I think he put all these layers in his book because he was really writing about his mother and father. I think most of the novels he wrote were attempts to come to terms with his heart-deep problem of resolving the contrast between his genteel mother and his renegade father, which handily reflected the opposition between the Victorian East and the actual and brutal West. A.B. Guthrie, Jr. had the same sort of conjugal knot to figure out but he was a rougher character with a different angle on history. The third man I would put in this group, were I writing a book of comparison, would be Walter von Tilberg Clark, who like Stegner found civilization in Salt Lake City, wearing tennis whites, the sort of elevated society that lady mothers really approve. Clark's son worked in the Montana Historical Society library.
Now I’m going back to the Erdrich/Dorris chapter. I just watched the “Georgia O’Keeffe” movie that was filmed in 2009 with Joan Allen and Jeremy Irons about O’Keeffe and Stieglitz’ struggling relationship, which was what you might call an unreconciled collaboration. The puzzle I come back to again and again, my heart-puzzle, is the trade-off between one’s individual talents and the necessity of accommodating another person of equal intensity and gifts, but conflicting goals and behavior. I don’t think I’m the only one. This chapter does little more than lay out the public facts of whatever it was that happened between Erdrich and Dorris.
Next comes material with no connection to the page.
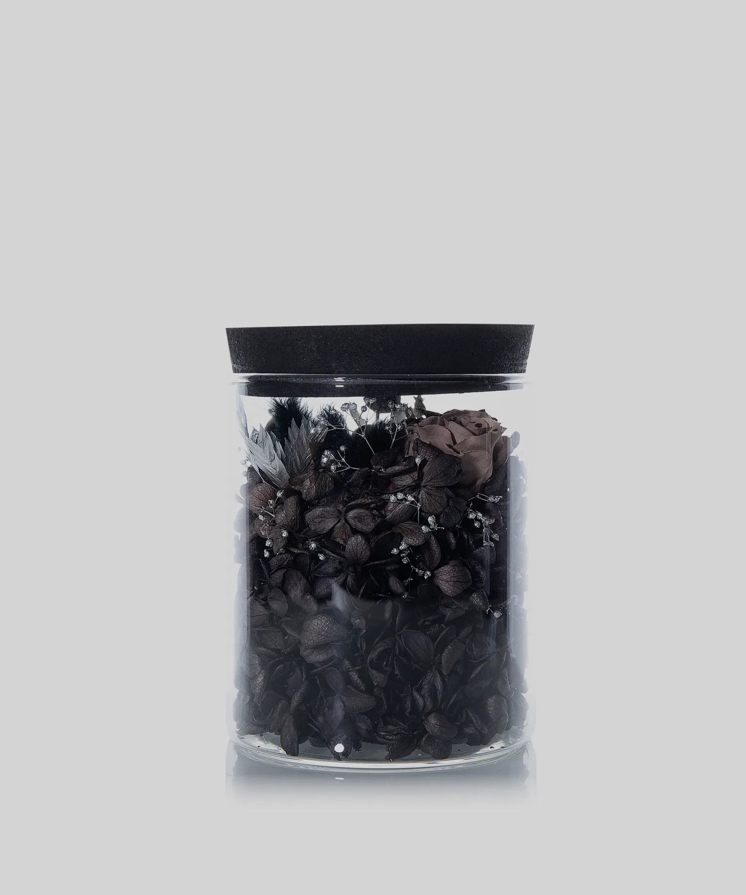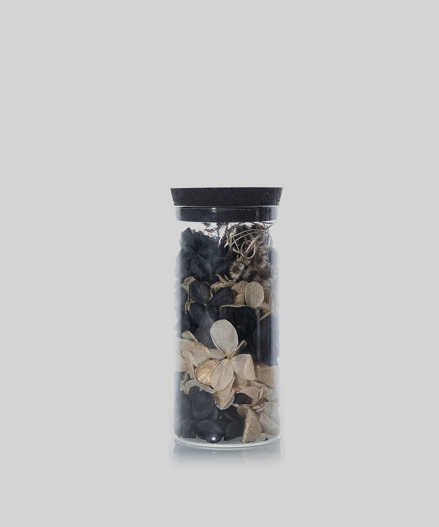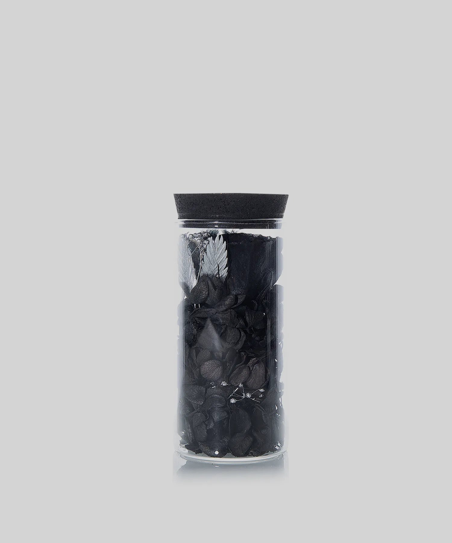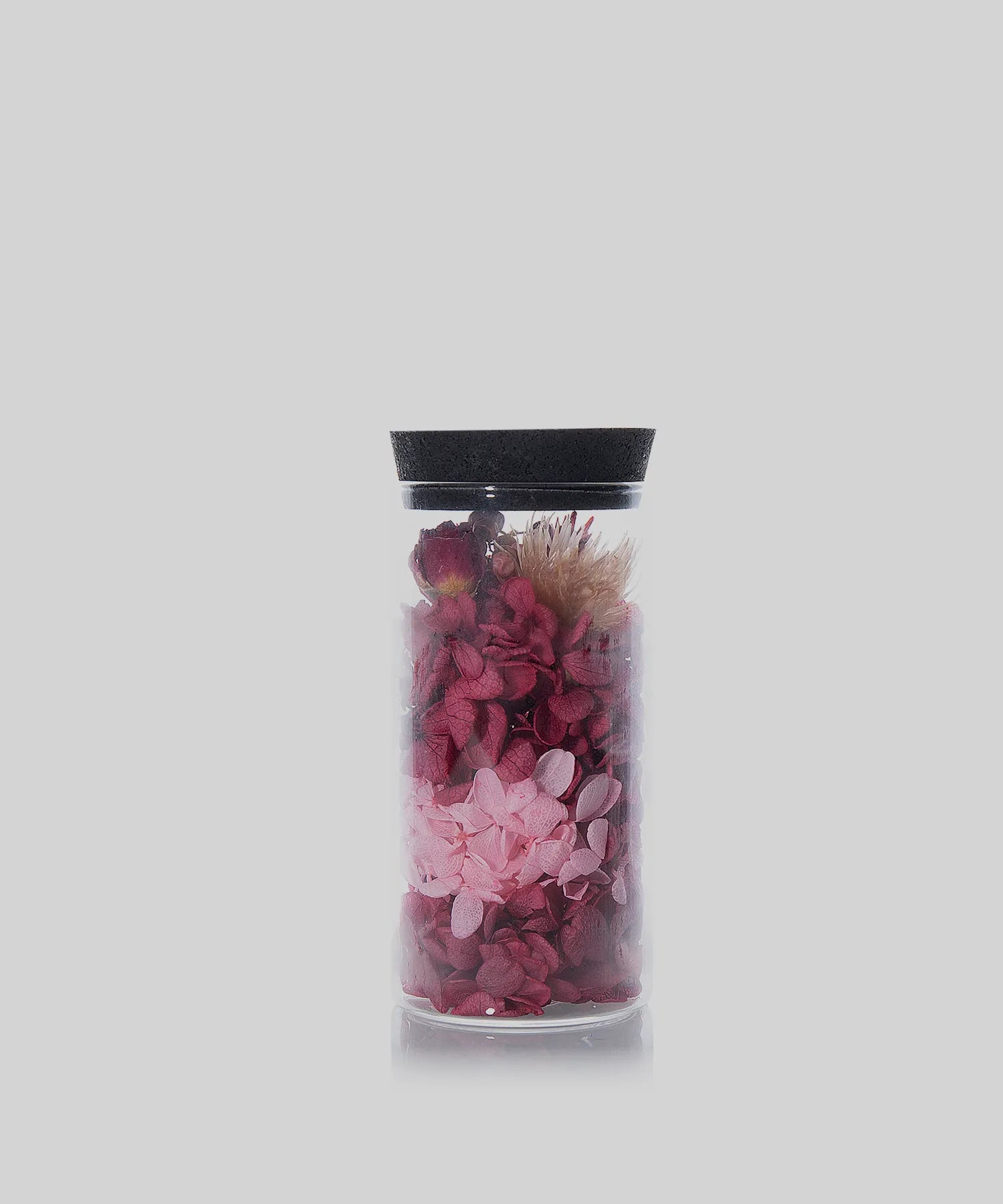 デザイナーの旅の記憶を閉じ込めたプリザーブドフラワーグラスに、情景を香りで描き出すルームフレグランスオイルを添えた特別なセット。

Erdrich read at Powells just after Dorris’ death. Her beautiful face was utterly ravaged with grief. It is a complication to know too much about a writer’s personal life or even to have sat at a reading, watching their faces and watching the faces of their spouses or even their children. I attended two memorials for Stegner, one for Jim Welch Jr., the graveside of Jim Welch Sr, a feschtshrift for Guthrie in Choteau at which Blew read the beginnings of the book that Karell describes as “collaboration” with the writings of her grandfather, his scribbles in pencil on wrappers and envelopes, sitting in a buggy by moonlight. Reading a book like Karell’s takes a lot of reconciliation with impressions of the real people. I value classroom diagrams and theories, but in the end it is the scribbling that counts.